Dataset excerpts:
·····
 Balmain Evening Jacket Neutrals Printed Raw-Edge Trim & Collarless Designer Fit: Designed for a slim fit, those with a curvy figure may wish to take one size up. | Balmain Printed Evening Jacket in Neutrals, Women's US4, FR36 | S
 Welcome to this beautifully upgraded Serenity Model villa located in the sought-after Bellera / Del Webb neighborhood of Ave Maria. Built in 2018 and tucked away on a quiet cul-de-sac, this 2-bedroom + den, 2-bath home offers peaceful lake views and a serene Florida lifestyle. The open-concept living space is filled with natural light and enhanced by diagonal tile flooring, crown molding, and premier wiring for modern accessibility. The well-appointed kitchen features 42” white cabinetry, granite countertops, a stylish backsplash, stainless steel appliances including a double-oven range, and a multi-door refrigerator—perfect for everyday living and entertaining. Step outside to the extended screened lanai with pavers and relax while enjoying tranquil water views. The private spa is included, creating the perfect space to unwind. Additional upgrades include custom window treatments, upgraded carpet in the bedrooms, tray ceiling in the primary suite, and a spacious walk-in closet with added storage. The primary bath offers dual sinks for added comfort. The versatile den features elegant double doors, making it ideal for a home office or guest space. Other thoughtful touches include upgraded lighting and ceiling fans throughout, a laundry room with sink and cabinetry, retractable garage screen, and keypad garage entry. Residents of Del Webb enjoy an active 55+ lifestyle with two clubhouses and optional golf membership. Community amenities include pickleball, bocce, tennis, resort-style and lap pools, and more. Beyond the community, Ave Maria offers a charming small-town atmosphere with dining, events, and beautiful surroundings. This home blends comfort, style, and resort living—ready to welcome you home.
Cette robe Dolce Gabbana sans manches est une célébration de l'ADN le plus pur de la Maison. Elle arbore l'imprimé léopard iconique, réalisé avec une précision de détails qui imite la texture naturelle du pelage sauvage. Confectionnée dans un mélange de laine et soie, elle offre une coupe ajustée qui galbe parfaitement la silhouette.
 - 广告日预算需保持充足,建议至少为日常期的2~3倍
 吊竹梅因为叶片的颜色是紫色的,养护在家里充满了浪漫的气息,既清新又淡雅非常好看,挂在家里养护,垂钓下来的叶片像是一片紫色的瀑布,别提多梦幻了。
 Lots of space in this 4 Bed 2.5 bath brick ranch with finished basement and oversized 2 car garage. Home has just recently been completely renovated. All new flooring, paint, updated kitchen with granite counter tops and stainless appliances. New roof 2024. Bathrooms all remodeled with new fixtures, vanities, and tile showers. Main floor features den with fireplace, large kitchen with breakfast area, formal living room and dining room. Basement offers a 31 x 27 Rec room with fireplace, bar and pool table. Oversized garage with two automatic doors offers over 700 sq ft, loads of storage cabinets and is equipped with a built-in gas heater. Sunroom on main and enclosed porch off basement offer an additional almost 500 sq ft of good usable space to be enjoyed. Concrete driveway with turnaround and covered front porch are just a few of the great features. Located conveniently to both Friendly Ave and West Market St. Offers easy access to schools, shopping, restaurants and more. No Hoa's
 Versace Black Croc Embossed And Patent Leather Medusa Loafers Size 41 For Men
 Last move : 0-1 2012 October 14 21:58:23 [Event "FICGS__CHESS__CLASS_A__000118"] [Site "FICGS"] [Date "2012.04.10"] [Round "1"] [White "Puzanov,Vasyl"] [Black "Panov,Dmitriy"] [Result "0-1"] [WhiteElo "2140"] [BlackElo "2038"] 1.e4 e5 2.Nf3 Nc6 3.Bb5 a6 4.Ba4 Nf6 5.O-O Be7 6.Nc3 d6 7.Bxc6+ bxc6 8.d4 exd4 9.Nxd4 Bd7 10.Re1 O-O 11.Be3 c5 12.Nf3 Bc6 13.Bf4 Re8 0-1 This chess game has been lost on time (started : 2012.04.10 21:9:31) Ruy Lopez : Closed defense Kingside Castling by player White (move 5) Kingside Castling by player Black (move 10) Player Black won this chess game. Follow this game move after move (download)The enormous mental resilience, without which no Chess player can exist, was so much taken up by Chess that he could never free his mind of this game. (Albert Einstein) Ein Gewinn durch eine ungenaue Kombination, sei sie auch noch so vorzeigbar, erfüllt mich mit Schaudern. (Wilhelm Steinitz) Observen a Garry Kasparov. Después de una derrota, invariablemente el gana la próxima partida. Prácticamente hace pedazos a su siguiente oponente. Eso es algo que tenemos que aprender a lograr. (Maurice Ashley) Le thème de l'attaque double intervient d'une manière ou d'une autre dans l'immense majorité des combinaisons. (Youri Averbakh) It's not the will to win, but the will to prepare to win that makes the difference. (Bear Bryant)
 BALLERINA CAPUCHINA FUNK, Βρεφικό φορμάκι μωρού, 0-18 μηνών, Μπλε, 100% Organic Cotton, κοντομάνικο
·····
Task statement: For the lines above, output exactly those from the line containing "Cette robe Dolce" through the line containing "吊竹梅因为叶片的颜色是紫色的", and skip the others.

Answer box:
Cette robe Dolce Gabbana sans manches est une célébration de l'ADN le plus pur de la Maison. Elle arbore l'imprimé léopard iconique, réalisé avec une précision de détails qui imite la texture naturelle du pelage sauvage. Confectionnée dans un mélange de laine et soie, elle offre une coupe ajustée qui galbe parfaitement la silhouette.
 - 广告日预算需保持充足,建议至少为日常期的2~3倍
 吊竹梅因为叶片的颜色是紫色的,养护在家里充满了浪漫的气息,既清新又淡雅非常好看,挂在家里养护,垂钓下来的叶片像是一片紫色的瀑布,别提多梦幻了。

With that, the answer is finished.